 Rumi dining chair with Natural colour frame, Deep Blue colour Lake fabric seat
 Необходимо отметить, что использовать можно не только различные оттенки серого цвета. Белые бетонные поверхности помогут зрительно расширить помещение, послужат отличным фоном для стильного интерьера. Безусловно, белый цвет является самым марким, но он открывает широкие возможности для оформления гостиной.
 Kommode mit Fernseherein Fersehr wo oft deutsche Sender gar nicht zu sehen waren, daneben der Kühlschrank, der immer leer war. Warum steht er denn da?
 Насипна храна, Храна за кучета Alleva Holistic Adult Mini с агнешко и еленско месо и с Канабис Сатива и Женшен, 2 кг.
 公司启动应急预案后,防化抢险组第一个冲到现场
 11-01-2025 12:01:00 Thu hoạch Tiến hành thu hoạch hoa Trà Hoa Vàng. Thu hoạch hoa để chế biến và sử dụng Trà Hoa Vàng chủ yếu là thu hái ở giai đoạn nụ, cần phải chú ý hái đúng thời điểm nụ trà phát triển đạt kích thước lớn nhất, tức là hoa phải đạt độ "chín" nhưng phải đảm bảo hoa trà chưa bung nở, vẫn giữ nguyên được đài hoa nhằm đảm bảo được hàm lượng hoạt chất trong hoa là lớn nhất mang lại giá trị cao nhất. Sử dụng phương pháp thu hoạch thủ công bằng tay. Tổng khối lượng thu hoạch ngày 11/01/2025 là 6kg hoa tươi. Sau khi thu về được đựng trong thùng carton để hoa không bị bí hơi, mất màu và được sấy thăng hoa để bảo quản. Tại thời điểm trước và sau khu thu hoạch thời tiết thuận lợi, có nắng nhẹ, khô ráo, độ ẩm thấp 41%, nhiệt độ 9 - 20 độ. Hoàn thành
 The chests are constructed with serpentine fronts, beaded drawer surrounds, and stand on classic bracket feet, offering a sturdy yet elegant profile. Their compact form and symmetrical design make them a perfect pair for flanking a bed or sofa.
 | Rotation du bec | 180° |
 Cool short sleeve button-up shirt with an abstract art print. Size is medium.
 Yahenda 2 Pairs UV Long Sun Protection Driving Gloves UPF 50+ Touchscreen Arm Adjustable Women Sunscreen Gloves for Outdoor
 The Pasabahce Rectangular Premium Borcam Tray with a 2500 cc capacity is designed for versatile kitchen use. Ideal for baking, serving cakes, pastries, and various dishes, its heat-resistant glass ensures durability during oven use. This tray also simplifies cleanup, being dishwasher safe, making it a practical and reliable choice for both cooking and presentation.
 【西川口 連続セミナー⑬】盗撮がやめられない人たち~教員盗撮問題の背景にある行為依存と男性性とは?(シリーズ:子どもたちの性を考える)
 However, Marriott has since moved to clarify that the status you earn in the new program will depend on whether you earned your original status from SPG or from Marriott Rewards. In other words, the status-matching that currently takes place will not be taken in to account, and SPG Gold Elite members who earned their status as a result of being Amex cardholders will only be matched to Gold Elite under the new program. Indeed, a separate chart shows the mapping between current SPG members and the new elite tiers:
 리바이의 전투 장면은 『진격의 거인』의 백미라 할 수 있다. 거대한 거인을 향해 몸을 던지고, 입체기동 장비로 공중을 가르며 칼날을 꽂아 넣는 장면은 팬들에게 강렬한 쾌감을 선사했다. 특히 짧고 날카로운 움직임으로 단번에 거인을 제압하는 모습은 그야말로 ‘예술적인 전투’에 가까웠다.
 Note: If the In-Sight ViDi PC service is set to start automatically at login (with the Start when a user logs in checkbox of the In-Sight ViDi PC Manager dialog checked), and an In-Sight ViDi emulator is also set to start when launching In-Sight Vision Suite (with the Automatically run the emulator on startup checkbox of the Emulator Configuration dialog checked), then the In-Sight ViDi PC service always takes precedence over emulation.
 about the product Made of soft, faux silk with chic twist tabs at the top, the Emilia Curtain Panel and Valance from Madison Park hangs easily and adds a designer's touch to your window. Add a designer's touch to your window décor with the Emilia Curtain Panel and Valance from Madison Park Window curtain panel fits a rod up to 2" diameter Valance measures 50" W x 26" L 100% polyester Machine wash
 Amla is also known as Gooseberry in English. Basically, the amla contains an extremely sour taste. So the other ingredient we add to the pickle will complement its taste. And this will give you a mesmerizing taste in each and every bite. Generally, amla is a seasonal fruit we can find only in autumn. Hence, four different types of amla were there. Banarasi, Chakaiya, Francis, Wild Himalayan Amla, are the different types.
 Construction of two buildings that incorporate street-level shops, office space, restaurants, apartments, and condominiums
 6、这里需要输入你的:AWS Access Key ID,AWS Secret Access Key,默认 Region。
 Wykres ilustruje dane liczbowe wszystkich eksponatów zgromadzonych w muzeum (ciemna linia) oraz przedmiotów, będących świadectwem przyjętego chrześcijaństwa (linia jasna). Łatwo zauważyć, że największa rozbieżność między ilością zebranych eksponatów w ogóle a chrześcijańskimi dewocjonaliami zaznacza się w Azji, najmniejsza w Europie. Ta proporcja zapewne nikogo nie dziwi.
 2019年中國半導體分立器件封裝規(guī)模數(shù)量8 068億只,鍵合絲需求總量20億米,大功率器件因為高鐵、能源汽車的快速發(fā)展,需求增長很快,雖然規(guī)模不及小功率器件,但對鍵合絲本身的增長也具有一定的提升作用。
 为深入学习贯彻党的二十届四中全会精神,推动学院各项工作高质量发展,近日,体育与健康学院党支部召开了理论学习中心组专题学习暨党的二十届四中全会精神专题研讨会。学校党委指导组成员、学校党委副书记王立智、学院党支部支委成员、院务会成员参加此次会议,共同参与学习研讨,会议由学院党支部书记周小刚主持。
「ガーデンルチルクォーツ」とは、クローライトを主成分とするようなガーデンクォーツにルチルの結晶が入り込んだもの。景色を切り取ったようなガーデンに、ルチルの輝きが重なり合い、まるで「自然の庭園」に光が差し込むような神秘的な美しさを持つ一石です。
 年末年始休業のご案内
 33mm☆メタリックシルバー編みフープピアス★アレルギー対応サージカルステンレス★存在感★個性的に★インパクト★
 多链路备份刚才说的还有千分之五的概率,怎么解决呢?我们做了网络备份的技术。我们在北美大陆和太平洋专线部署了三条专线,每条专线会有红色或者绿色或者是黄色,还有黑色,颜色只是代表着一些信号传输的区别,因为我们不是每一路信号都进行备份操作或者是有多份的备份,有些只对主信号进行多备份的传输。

☆ ☆ ☆

What to produce: Print out the data exactly once more.

Task response:
 Rumi dining chair with Natural colour frame, Deep Blue colour Lake fabric seat
 Необходимо отметить, что использовать можно не только различные оттенки серого цвета. Белые бетонные поверхности помогут зрительно расширить помещение, послужат отличным фоном для стильного интерьера. Безусловно, белый цвет является самым марким, но он открывает широкие возможности для оформления гостиной.
 Kommode mit Fernseherein Fersehr wo oft deutsche Sender gar nicht zu sehen waren, daneben der Kühlschrank, der immer leer war. Warum steht er denn da?
 Насипна храна, Храна за кучета Alleva Holistic Adult Mini с агнешко и еленско месо и с Канабис Сатива и Женшен, 2 кг.
 公司启动应急预案后,防化抢险组第一个冲到现场
 11-01-2025 12:01:00 Thu hoạch Tiến hành thu hoạch hoa Trà Hoa Vàng. Thu hoạch hoa để chế biến và sử dụng Trà Hoa Vàng chủ yếu là thu hái ở giai đoạn nụ, cần phải chú ý hái đúng thời điểm nụ trà phát triển đạt kích thước lớn nhất, tức là hoa phải đạt độ "chín" nhưng phải đảm bảo hoa trà chưa bung nở, vẫn giữ nguyên được đài hoa nhằm đảm bảo được hàm lượng hoạt chất trong hoa là lớn nhất mang lại giá trị cao nhất. Sử dụng phương pháp thu hoạch thủ công bằng tay. Tổng khối lượng thu hoạch ngày 11/01/2025 là 6kg hoa tươi. Sau khi thu về được đựng trong thùng carton để hoa không bị bí hơi, mất màu và được sấy thăng hoa để bảo quản. Tại thời điểm trước và sau khu thu hoạch thời tiết thuận lợi, có nắng nhẹ, khô ráo, độ ẩm thấp 41%, nhiệt độ 9 - 20 độ. Hoàn thành
 The chests are constructed with serpentine fronts, beaded drawer surrounds, and stand on classic bracket feet, offering a sturdy yet elegant profile. Their compact form and symmetrical design make them a perfect pair for flanking a bed or sofa.
 | Rotation du bec | 180° |
 Cool short sleeve button-up shirt with an abstract art print. Size is medium.
 Yahenda 2 Pairs UV Long Sun Protection Driving Gloves UPF 50+ Touchscreen Arm Adjustable Women Sunscreen Gloves for Outdoor
 The Pasabahce Rectangular Premium Borcam Tray with a 2500 cc capacity is designed for versatile kitchen use. Ideal for baking, serving cakes, pastries, and various dishes, its heat-resistant glass ensures durability during oven use. This tray also simplifies cleanup, being dishwasher safe, making it a practical and reliable choice for both cooking and presentation.
 【西川口 連続セミナー⑬】盗撮がやめられない人たち~教員盗撮問題の背景にある行為依存と男性性とは?(シリーズ:子どもたちの性を考える)
 However, Marriott has since moved to clarify that the status you earn in the new program will depend on whether you earned your original status from SPG or from Marriott Rewards. In other words, the status-matching that currently takes place will not be taken in to account, and SPG Gold Elite members who earned their status as a result of being Amex cardholders will only be matched to Gold Elite under the new program. Indeed, a separate chart shows the mapping between current SPG members and the new elite tiers:
 리바이의 전투 장면은 『진격의 거인』의 백미라 할 수 있다. 거대한 거인을 향해 몸을 던지고, 입체기동 장비로 공중을 가르며 칼날을 꽂아 넣는 장면은 팬들에게 강렬한 쾌감을 선사했다. 특히 짧고 날카로운 움직임으로 단번에 거인을 제압하는 모습은 그야말로 ‘예술적인 전투’에 가까웠다.
 Note: If the In-Sight ViDi PC service is set to start automatically at login (with the Start when a user logs in checkbox of the In-Sight ViDi PC Manager dialog checked), and an In-Sight ViDi emulator is also set to start when launching In-Sight Vision Suite (with the Automatically run the emulator on startup checkbox of the Emulator Configuration dialog checked), then the In-Sight ViDi PC service always takes precedence over emulation.
 about the product Made of soft, faux silk with chic twist tabs at the top, the Emilia Curtain Panel and Valance from Madison Park hangs easily and adds a designer's touch to your window. Add a designer's touch to your window décor with the Emilia Curtain Panel and Valance from Madison Park Window curtain panel fits a rod up to 2" diameter Valance measures 50" W x 26" L 100% polyester Machine wash
 Amla is also known as Gooseberry in English. Basically, the amla contains an extremely sour taste. So the other ingredient we add to the pickle will complement its taste. And this will give you a mesmerizing taste in each and every bite. Generally, amla is a seasonal fruit we can find only in autumn. Hence, four different types of amla were there. Banarasi, Chakaiya, Francis, Wild Himalayan Amla, are the different types.
 Construction of two buildings that incorporate street-level shops, office space, restaurants, apartments, and condominiums
 6、这里需要输入你的:AWS Access Key ID,AWS Secret Access Key,默认 Region。
 Wykres ilustruje dane liczbowe wszystkich eksponatów zgromadzonych w muzeum (ciemna linia) oraz przedmiotów, będących świadectwem przyjętego chrześcijaństwa (linia jasna). Łatwo zauważyć, że największa rozbieżność między ilością zebranych eksponatów w ogóle a chrześcijańskimi dewocjonaliami zaznacza się w Azji, najmniejsza w Europie. Ta proporcja zapewne nikogo nie dziwi.
 2019年中國半導體分立器件封裝規(guī)模數(shù)量8 068億只,鍵合絲需求總量20億米,大功率器件因為高鐵、能源汽車的快速發(fā)展,需求增長很快,雖然規(guī)模不及小功率器件,但對鍵合絲本身的增長也具有一定的提升作用。
 为深入学习贯彻党的二十届四中全会精神,推动学院各项工作高质量发展,近日,体育与健康学院党支部召开了理论学习中心组专题学习暨党的二十届四中全会精神专题研讨会。学校党委指导组成员、学校党委副书记王立智、学院党支部支委成员、院务会成员参加此次会议,共同参与学习研讨,会议由学院党支部书记周小刚主持。
「ガーデンルチルクォーツ」とは、クローライトを主成分とするようなガーデンクォーツにルチルの結晶が入り込んだもの。景色を切り取ったようなガーデンに、ルチルの輝きが重なり合い、まるで「自然の庭園」に光が差し込むような神秘的な美しさを持つ一石です。
 年末年始休業のご案内
 33mm☆メタリックシルバー編みフープピアス★アレルギー対応サージカルステンレス★存在感★個性的に★インパクト★
 多链路备份刚才说的还有千分之五的概率,怎么解决呢?我们做了网络备份的技术。我们在北美大陆和太平洋专线部署了三条专线,每条专线会有红色或者绿色或者是黄色,还有黑色,颜色只是代表着一些信号传输的区别,因为我们不是每一路信号都进行备份操作或者是有多份的备份,有些只对主信号进行多备份的传输。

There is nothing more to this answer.